Can't get work in perspective, struggling domestically ... would it be a mistake to increase PT hours?(8 Posts)
I work 24 hours per week in a technical/scientific role for a large government organisation. DH 30 hours for the same organisation. 2 DS, 5 and 7, both at school. There are specific things about work that have made me very unhappy in the past and still cause resentment now, mostly linked to a specific manager A. I moved from elsewhere in the organisation and from the very start he seemed to dislike or disapprove of me for some reason, was unwilling to discuss work to any useful depth, performance reviews always seemed as short as he could get away with (generally neutral with the occasional negative comment, not mentioned at the time but written on the form afterwards), no discussion of progression or the future at all, never any discussion of change. A also never wanted to hear anything bad (and I'm not a whinger) and I grew to feel as if trying to change things would only make them worse. My work was fairly limited in scope, not that hard but difficult to shine at - the environment is quasi-academic and you are expected to build a reputation, and I just couldn't.
I eventually got fed up enough, about a year ago, to apply for another internal job working for B whom I've known for a long time. Screwed up the interview (lack of recent practice and lack of preparation) and didn't get it, but B came back later and offered me a 12-month secondment which I'm now half way through. I am now a lot happier with work but at the same time a lot more stressed as it is possible that the secondment could go permanent if I do it well enough, so it feels a bit like a 12-month job interview. At the same time working for B who is conscientious and encouraging has made me realise what a truly rubbish time I had with A. I am feeling very cross with myself for letting that go on so long and am feeling as if it's beginning to affect my mental health. I had two weepy episodes before Christmas, triggered by work stuff but allowed to get out of proportion. I would burst into tears every time I went to the toilet at work, cry silently on the bus on the way home and at home in front of the boys.
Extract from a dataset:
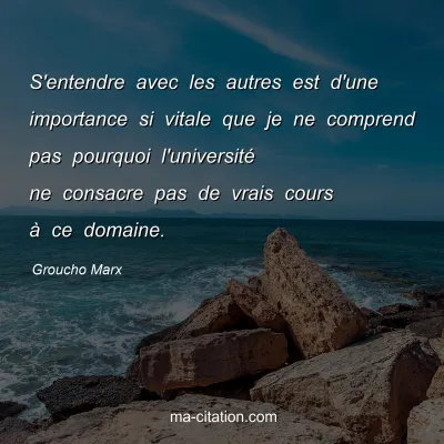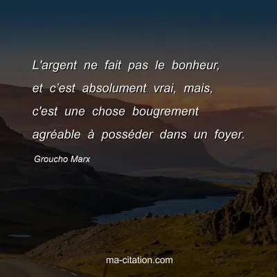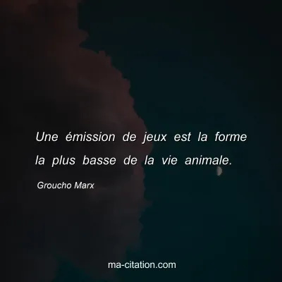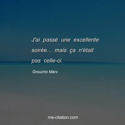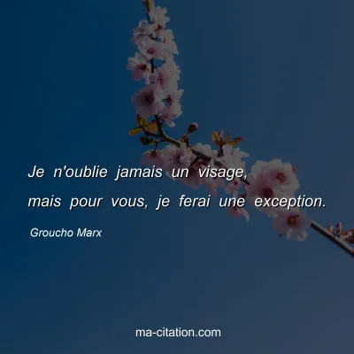 Julius Henry "Groucho" Marx, plus connu sous le surnom de Groucho Marx était un comédien américain réputé. Il s'est lancé dans une carrière cinématographique avec ses frères : « Marx Brothers » et a tourné avec eux son premier film « Coconuts ». Groucho s'est inventé un personnage reconnaissable par une démarche de poulet faite de grands pas, une moustache et de gros sourcils imposants, des petites lunettes, toujours avec un cigar et un accent new-yorkais. Ce personnage arrogant usant de réparties à l'humour corrosif fait de Groucho l'un des acteurs les plus célèbres des États-Unis. Il quittera finalement la scène du cinéma pour se lancer dans une carrière d'animateur avec l'émission You Bet Your Life qui connait un grand succès aux États-Unis.
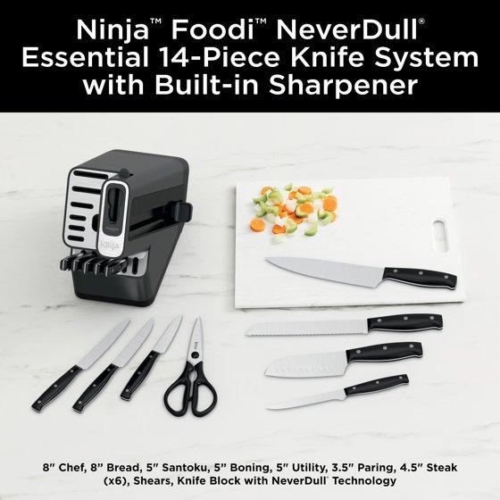 Ninja NeverDull 14-Piece Stainless Steel Essential Knife System with Built-in Sharpener, K12014 Black/Gray

This past weekend was worse, I got the Rage, once with the boys on Friday evening (managed to pull myself together again quite quickly, but did something physical which I regret) and then with DH on Sunday, ranting and raving and chucking things about. DH is a very gentle person and very much "in the moment" and will never plan for or anticipate anything - he puts in the hours domestically on the immediate stuff and is brilliant with the boys, but I always feel as if anything outside the daily routine will only happen in our house if I make it happen. I am untidy, DH is worse and our house is a tip and depressing to be in.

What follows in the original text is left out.